INPUT DATA.
※

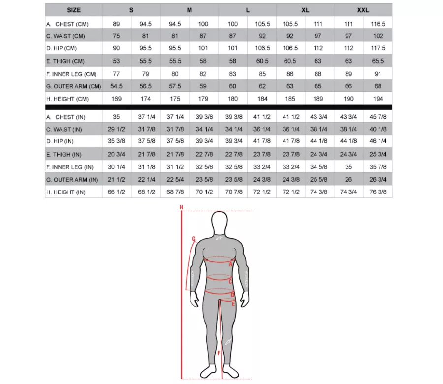 (cm)79-83 83-87 87-91 91–95 95–99 99-103 103–107 107-111 111–115 115–119 119–123 123–127 127-131 D. Stehno (cm) 48–49 50 - 51 52 - 53 54–55 56-57 58–59 60-61 62-63 64–65 66-67 68-69 70-71 72-73 E. Vnitřní šev (cm) 71-72 73-74 75-76 77-78 79-80 81-82 83-84 85-86 87-88 89-90 89-90 91-92 91-92 F. Vnější rameno (cm) 49–50 51-52 53–54 55–56 57-58 59 - 60 61-62 63-64 65-66 67-68 67-68 69-70 69-70 G. Výška (cm) 150–156 157-163 164–167 168-171 172–175 176–179 180–183 184–187 188–191 192–195 192–195 196–199 196–199 Pánske velikosti bot ALPINESTARS
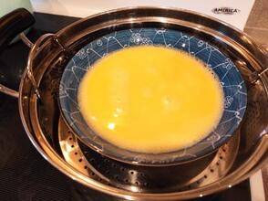5. 装蛋液的碗需要一个盖子,防止锅里的水蒸气倒流进碗里。水开后蒸25分钟即可。
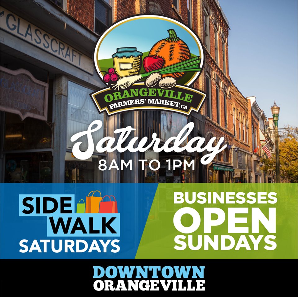 Downtown Orangeville on Saturday you can stop by the Orangeville Farmers Market and it’s Sidewalk Saturday. You can grab some great produce and other items at the market then walk Broadway and check out all the wonderful shops in downtown Orangeville. Go to Orangeville Famers Market Facebook page for more information about the Market and Downtown Orangeville Facebook page for more information about Downtown Orangeville.
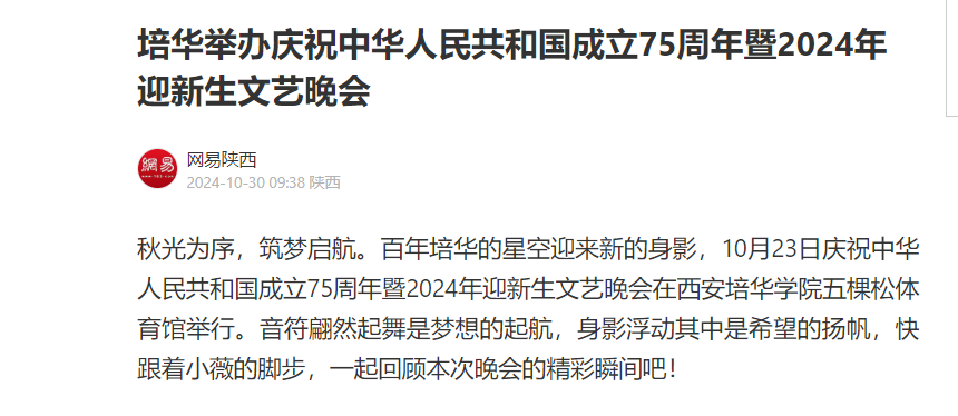 此次文艺晚会不仅是一场精彩视听盛宴,更是一次对祖国母亲的深情告白!它展现了培华师生们积极进取的精神风貌与卓越的艺术才华,也为新中国成立75周年献上了一份厚礼。灯光渐暗,余音袅袅,掌声依旧回荡在体育馆。时光流逝,美妙难忘,但青春是一首永不消逝的赞歌,我们的脚步永不停息,正青春的他们正站在时代的潮头,与浪潮共舞,与祖国同行,以满腔热血肩负起时代赋予的使命担当,共同创造更加美好的未来。

※

WHAT TO WORK ON.
Output the material word for word, omitting its pictures.

RESULT OF THE TASK.
 (cm)79-83 83-87 87-91 91–95 95–99 99-103 103–107 107-111 111–115 115–119 119–123 123–127 127-131 D. Stehno (cm) 48–49 50 - 51 52 - 53 54–55 56-57 58–59 60-61 62-63 64–65 66-67 68-69 70-71 72-73 E. Vnitřní šev (cm) 71-72 73-74 75-76 77-78 79-80 81-82 83-84 85-86 87-88 89-90 89-90 91-92 91-92 F. Vnější rameno (cm) 49–50 51-52 53–54 55–56 57-58 59 - 60 61-62 63-64 65-66 67-68 67-68 69-70 69-70 G. Výška (cm) 150–156 157-163 164–167 168-171 172–175 176–179 180–183 184–187 188–191 192–195 192–195 196–199 196–199 Pánske velikosti bot ALPINESTARS
5. 装蛋液的碗需要一个盖子,防止锅里的水蒸气倒流进碗里。水开后蒸25分钟即可。
 Downtown Orangeville on Saturday you can stop by the Orangeville Farmers Market and it’s Sidewalk Saturday. You can grab some great produce and other items at the market then walk Broadway and check out all the wonderful shops in downtown Orangeville. Go to Orangeville Famers Market Facebook page for more information about the Market and Downtown Orangeville Facebook page for more information about Downtown Orangeville.
 此次文艺晚会不仅是一场精彩视听盛宴,更是一次对祖国母亲的深情告白!它展现了培华师生们积极进取的精神风貌与卓越的艺术才华,也为新中国成立75周年献上了一份厚礼。灯光渐暗,余音袅袅,掌声依旧回荡在体育馆。时光流逝,美妙难忘,但青春是一首永不消逝的赞歌,我们的脚步永不停息,正青春的他们正站在时代的潮头,与浪潮共舞,与祖国同行,以满腔热血肩负起时代赋予的使命担当,共同创造更加美好的未来。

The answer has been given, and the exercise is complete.